Afterwards, when Mary Byrne is alone, she sees an opportunity to steal from her son an item promised to the Priest which she then will sell for drink. The complications arise between the characters. Mary Byrne throws the couple’s wedding plans into the bog after they discover she double crosses them. They double cross the priest who vows not to get revenge. However, he has a better plan for their reckoning which they can never flee, though they scramble with their belongings far away from the praying cleric.
In the Shadow of the Glen, a Tramp (John Keating), knocks on Nora Burke’s (Jo Kinsella) door. Lonesome with her husband possibly just having died since he hasn’t moved or made a peep, Nora opens the door and invites him in from the storm. Hospitably, she offers the Tramp a drink and tells him the story of her husband who she fears is dead and who cursed her not to lay a hand on him if he died in his bed. Only his sister can prepare him for the funeral ceremony and burial, Nora tells the Tramp. Their conversation is laced with spooky mystery as the subjects range from the quick to the dead and Nora explains that her husband was a queer old man who went up to the hills where he was “thinking dark thoughts.”
When she asks the Tramp to see if her husband Dan Burke (Sean Gormley) is cold and dead, the Tramp protests that he doesn’t want to bring down the curse on his own head. They continue to discuss their tribulations and the death of one they both know until finally Nora tells him she must find the young farmer who would do chores for them and who the Tramp ran into on his way toward the Burkes. She will ask the farmer to stop by with her, check on her husband. If he is dead, the next morning he can tell the village that Dan Burke has passed. Most possibly, Burke’s sister who lives about ten miles away will then be notified.

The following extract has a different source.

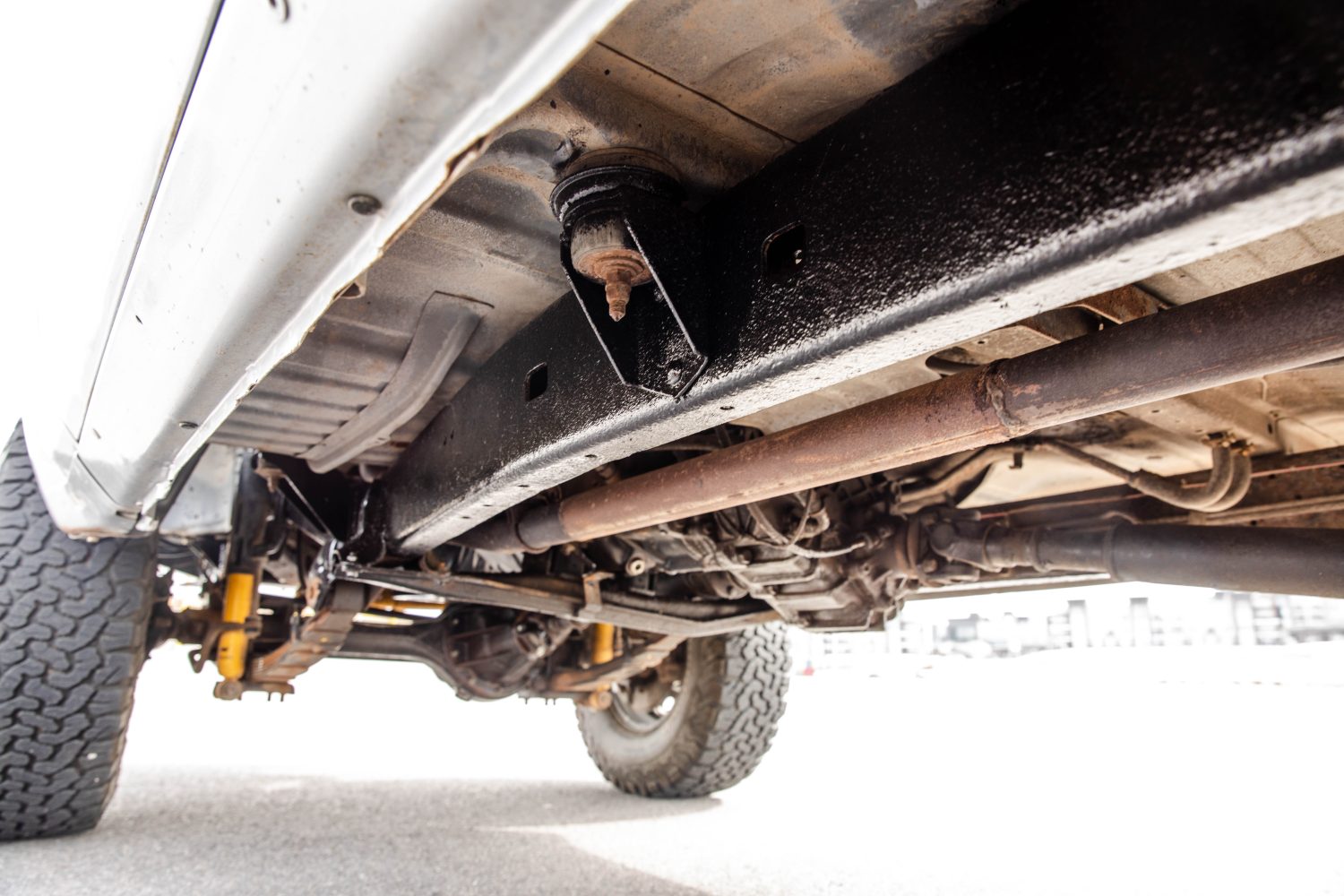 The driver’s seat has a small tear and the dash has a few cracks. There are 3 rust spots on the Cruiser itself worth noting. Two around the rear driver side wheel well, and one section just outside the door seal on the rear passenger wheel well. All are pictured. There is surface rust on sections of the A-pillars but would be easy to grind and touch up with paint. None of these spots have gotten worse during my ownership due to consistent washing and care. The frame has been coated in POR15 and is in great shape. The rear third of the frame had surface rust prior to the POR15, which can still be seen inside the C Channels on the rear of the frame. None of which is cause for concern. As shown in the pictures, the rear bumper has paint chipping and rust near the spindles.”

Nora asks the Tramp to stay with her husband’s dead body until she returns.
One anticipates what will happen next which is absolutely hysterical. The hijinx continue after Nora returns with the young Michael Dara (Ciaran Bowling), who is well off and appears to be interested in Nora’s inheritance from Dan Burke’s estate. With the body not yet “cold” nor burned in ashes, Dara makes plans for Nora to be his wife. However, she is not so easily persuaded. And as events transpire, the humorous explosions (I belly laughed so heard) heighten then resolve into an ironic ending.
Charlotte Moore strikes just the right tone, shepherding her cast into the humor inherent in Synge’s characterizations, as he satirizes these couples and the relationships that bind them that can’t quite be referred to as loving. In each instances we understand the importance of money, the fear of destitution and the solitude of the environs contributing to the dynamic and topsy turvy events.
The music and song that introduces each work sets the scene and establishes the tenor of Synge’s plays. Marie’s Wedding appropriately opens The Tinker’s Wedding sung by the entire cast and accompanied on guitar by Sean Gormley. As the character of Mary in The Tinker’s Wedding, Terry Donnelly sings with lyrical humor “The Night Before Larry Was Stretched,” a traditional Irish ballad, and two refrains, one from “A Lonesome Ditch in Ballygan,” and the other from “Whisper With One.” Between the Acts in The Tinker’s Wedding, Sean Gormley sings and performs his original song, “A Smile Upon My Face.” In the second play, In The Shadow of the Glen, Ciaran Bowling’s clear, bell-ringing voice beautifully interprets “Red is the Rose,” a traditional Gaelic ballad.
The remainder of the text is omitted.